Evidemment un film à part. Les derniers jours d'un homme qui a décidé de mettre fin à sa vie. Thème éminemment tragique et d'emblée traité sur un mode grotesque, puisque notre anti-héros a pris pour se suicider sa bicyclette et se balade tout au long du film dans ce costume si subtilement ridicule d'une tenue de sport bic orange fluo. Le bonhomme est las d'une vie dont il vient de boire jusqu'à la lie la potion amère, non qu'il ait été malheureux particulièrement, il l'a été comme tous les hommes modernes le sont aujourd'hui, selon lui, forcés qu'ils sont de réussir, d'être performants, même s'ils ne sont aucunement doués pour ça. Le point de vue pourrait être simple, même simpliste, je l'ai ressenti plus complexe.
D'abord l'homme est loin d'être un imbécile, cette conscience malheureuse est très aboutie, elle s'alimente à une réflexion philosophique que certaines séquences traitent avec beaucoup de talent. Deux scènes m'ont plu tout particulièrement, par le mélange des genres et l'habileté de l'aphorisme: celle où le personnage voulant allumer sa cigarette s'aperçoit qu'il ne sait pas faire du feu, à quoi s'ajoute son incapacité à dessiner un boeuf sur un rocher : 15 000 ans d’histoire pour en arriver là ! ; celle aussi où avec un homme qu'il rencontre sur son chemin il pousse pour jouer un petit cycliste miniature grâce à un jet de billes. Bon compagnon, l'autre qui a perdu, part d'une crise de fou rire très communicative, et le héros de conclure: "Voilà, j'ai tout foiré, j'ai pris la vie trop au sérieux, alors qu'elle n'est qu'une partie de billes entre 2 néants".

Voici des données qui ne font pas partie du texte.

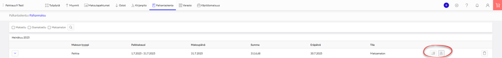 Kun tarvittavat tiedot palkkalaskelmaa varten on täytetty, voit aloittaa palkan maksamisen vaiheet. Klikkaa ensin Maksa.

En réalité cette balade ante-mortem révèle encore bien des choses à cet homme fini que la merveilleuse nature qu'il traverse laisse totalement indifférent, voire hostile (« Tu te crois beau, dit-il au soleil qui disparait dans ses voiles, va te coucher !). Mais rien n’y fera, même l’espoir traité de façon poétique et amusante du dernier recours, la fée endomorphine qui vient temporairement à son secours, ne suffira pas. Le dénouement est inéluctable. Sur un mode minimaliste que dément la somptuosité et la force d'une musique faite de chants de douleur, nous assistons à la mort d'un quidam certes mais aussi à celle de l'homme tout entier, celui qui a échoué à s'élever vers de splendeurs inaccessibles qu'évoque le poème final.
Quant à l’acteur, que ce soit Houellebecq ne me gêne pas ; franchement il a la gueule de l’emploi et ses envolées lyriques au cœur d’un drame d’une intense banalité métaphysique sont tout à fait le reflet de son univers de création littéraire.